Joel I. Klein, the head of the Justice Department's Antitrust Division, is just as adamant. "We need more resources," Klein declared in an interview. "I really think that is important."

That such concerns are being voiced now is especially worrisome, given the country's astonishing number of mergers. Remarkably, the 20 largest deals of all time that involve U.S. companies have all been initiated in the past three years, according to Thomson Financial Securities Data. (See table, p. 2284.) These corporate marriages have been spurred, in part, by the highly competitive global marketplace and by the deregulation of the telecommunications and energy industries.

Top company executives routinely decide that their firms must be big in order to compete in a global economy. Nearly every week, another stunning merger announcement is made, such as the recent proposal to combine United Airlines and US Airways to create a behemoth carrier almost twice the size of its next-largest competitor. In January, the mother of all mega-mergers, the $182 billion marriage of America Online Inc. and Time Warner, made a huge splash as the biggest deal ever. No sector of the economy is immune from this whirlwind of corporate marriages, from agriculture to health care to airlines to telecommunications. (See accompanying stories on the economic factors behind the merger boom, p. 2290, and on how Washington is responding to merger activity in four key sectors, pp. 2294-2301.)

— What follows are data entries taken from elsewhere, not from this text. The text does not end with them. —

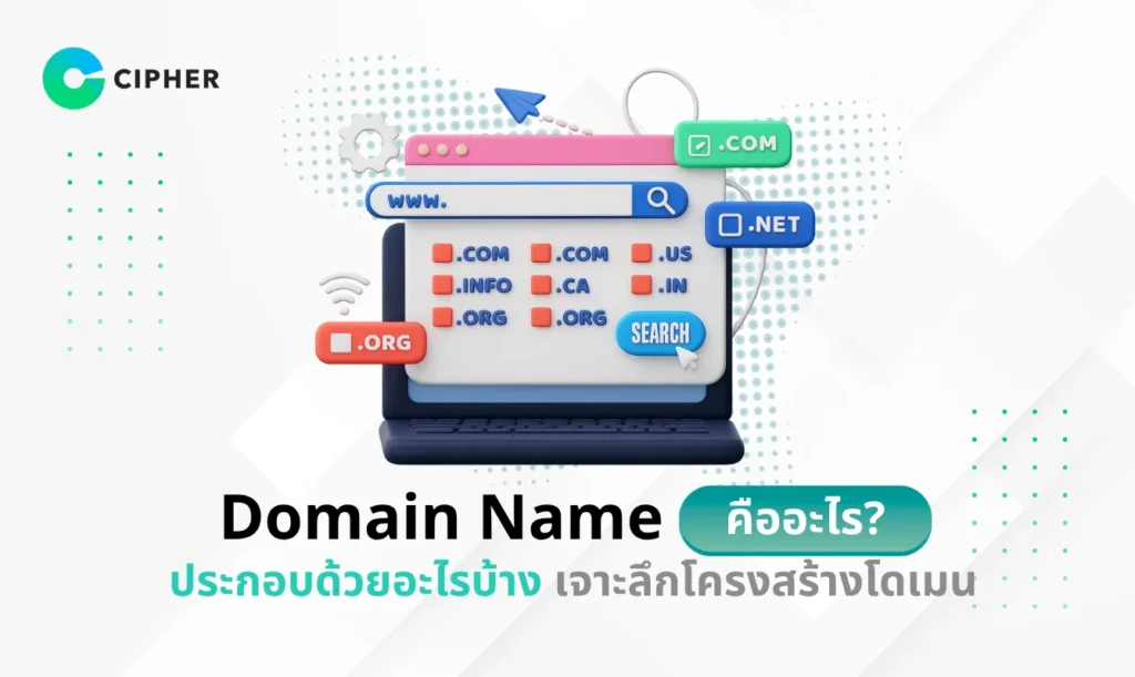 คุณเคยสงสัยไหมว่าทำไมเราถึงเข้าเว็บไซต์ด้วยชื่อที่จดจำได้ง่าย แทนที่จะเป็นตัวเลขยาว ๆ? นั่นเป็นเพราะระบบโดเมนเนม ที่ช่วยให้การท่องโลกอินเทอร์เน็ตของเราสะดวกและเข้าถึงง่ายขึ้น บทความนี้ CIPHER ผู้เชี่ยวชาญด้านการพัฒนาซอฟต์แวร์และโซลูชันด้าน IT จะพาคุณไปรู้จักกับ Domain Name คืออะไร โครงสร้างการทำงาน ประเภท และประโยชน์ที่สำคัญต่อธุรกิจ รวมถึงเทคนิคการตั้งชื่อโดเมนให้น่าสนใจ ติดตามไปพร้อมกันได้เลย!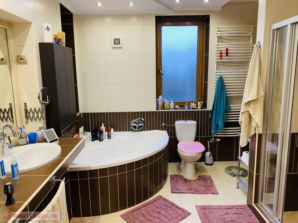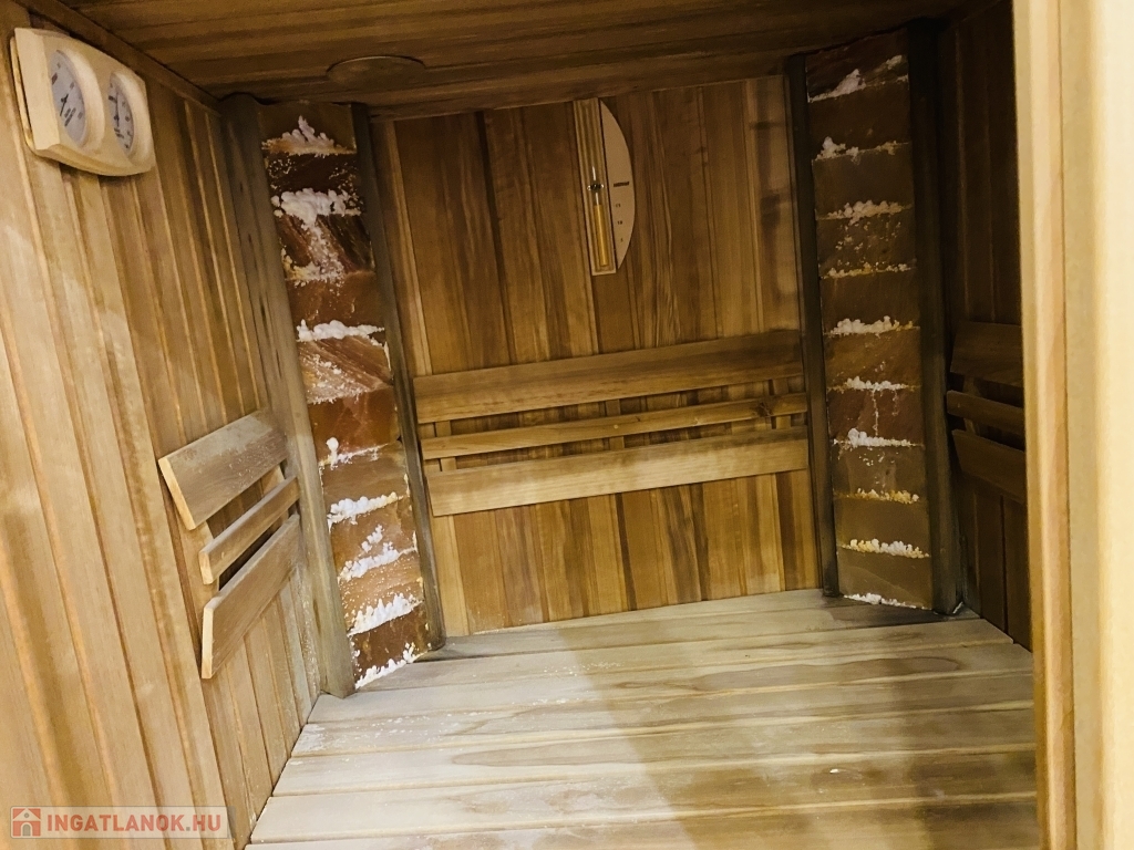 Otthoni SPA: Két fürdőszoba, melyből az egyik egy komplett wellness részleg szaunával, sarokkáddal és zuhanyzóval.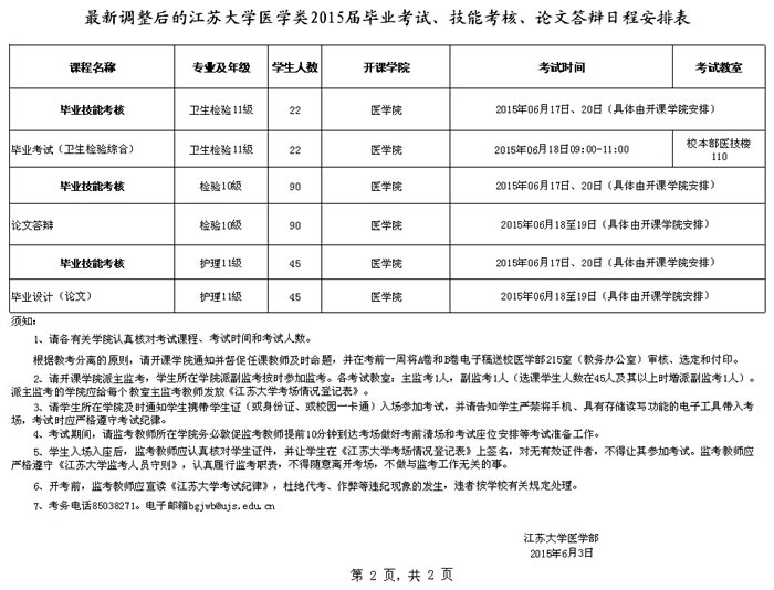 最新调整后的啪啪啪 医学类2015届毕业考试、技能考核、论文答辩日程安排表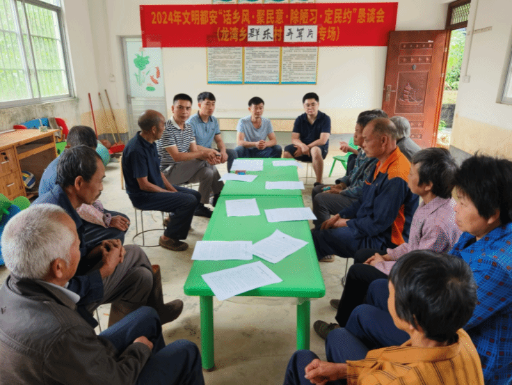 張偉(前排右一)同駐村隊員、村“兩委”干部參加群樂村“話鄉風·聚民意·除陋習·定民約”懇談會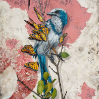 a blue jay. It is perched on a branch with some foliage around it, and there are other birds depicted in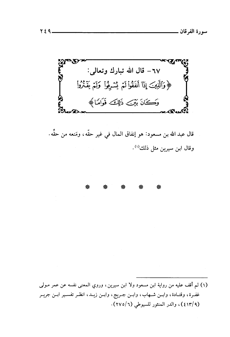 ٦٧ - قال اللَّه تبارك وتعالى: {وَالَّذِينَ إِذَا أَنْفَقُوا لَمْ يُسْرِفُوا وَلَمْ يَقْتُرُوا وَكَانَ بَيْنَ ذَلِكَ قَوَامًا}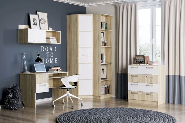Шкаф «Фанк» предназначен для тех, кто любит выдержанный стиль. Идеально для организации подростковой комнаты. А универсальный дизайн и цветовое решение подойдет как для мальчика, так и для девочки. С угловым шкафом «Фанк» получится максимально использовать пространство в комнате, задействовав место в углу. Внутри модуль разделен на две функциональные зоны. Секция с пятью полками подходит для хранения одежды в сложенном виде, а на штанге в другой половине шкафа можно разместить одежду на вешалках-плечиках. Широкая полка, расположенная над штангой, удобна для хранения коробок.
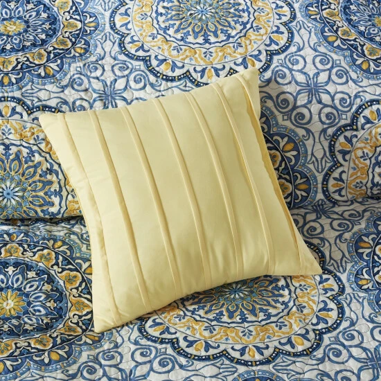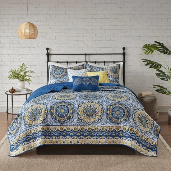 Create a private oasis in your bedroom with this Moraga blue coverlet set by Madison Park. Designed with a bold blue and yellow floral print, this bedding set offers a unique look that blends well with traditional, contemporary, or modern decor. This set comes with matching shams and three decorative pillows for a complete look.

For government watchdogs, the percentage of merger deals that requires investigations-and, perhaps, subsequent challenges-is still quite small. But because the sheer number of these deals has grown astronomically, the burden on the agencies has increased commensurately.

For example, the number of merger proposals more than tripled between 1991 and 1999-from 1,529 applications to 4,642-but the number of FTC staffers rose very modestly, from 313 to 347. The Antitrust Division's resources have been similarly constrained. It currently has just 342 attorneys, including those in its field offices, who must also work on criminal enforcement and other nonmerger issues. More than a few private law firms, which are desperate for help on merger cases, have lured away beleaguered FTC and Justice Department lawyers with promises of fatter paychecks. (See related story on the surge of business for the antitrust bar, p. 2286.)

Both agencies review mergers under the standards of the 1914 Clayton Act, which prohibits combinations that may substantially lessen competition. They divvy up the workload by referring cases to the office that has the most experience in a particular market. For example, the Antitrust Division handles airline and telephone mergers, while the FTC reviews pharmaceutical and oil companies' deals. In dealing with a "convergence" merger that crosses industry lines in which both offices have expertise, the case is assigned after discussions between the FTC chairman and the Antitrust Division chief.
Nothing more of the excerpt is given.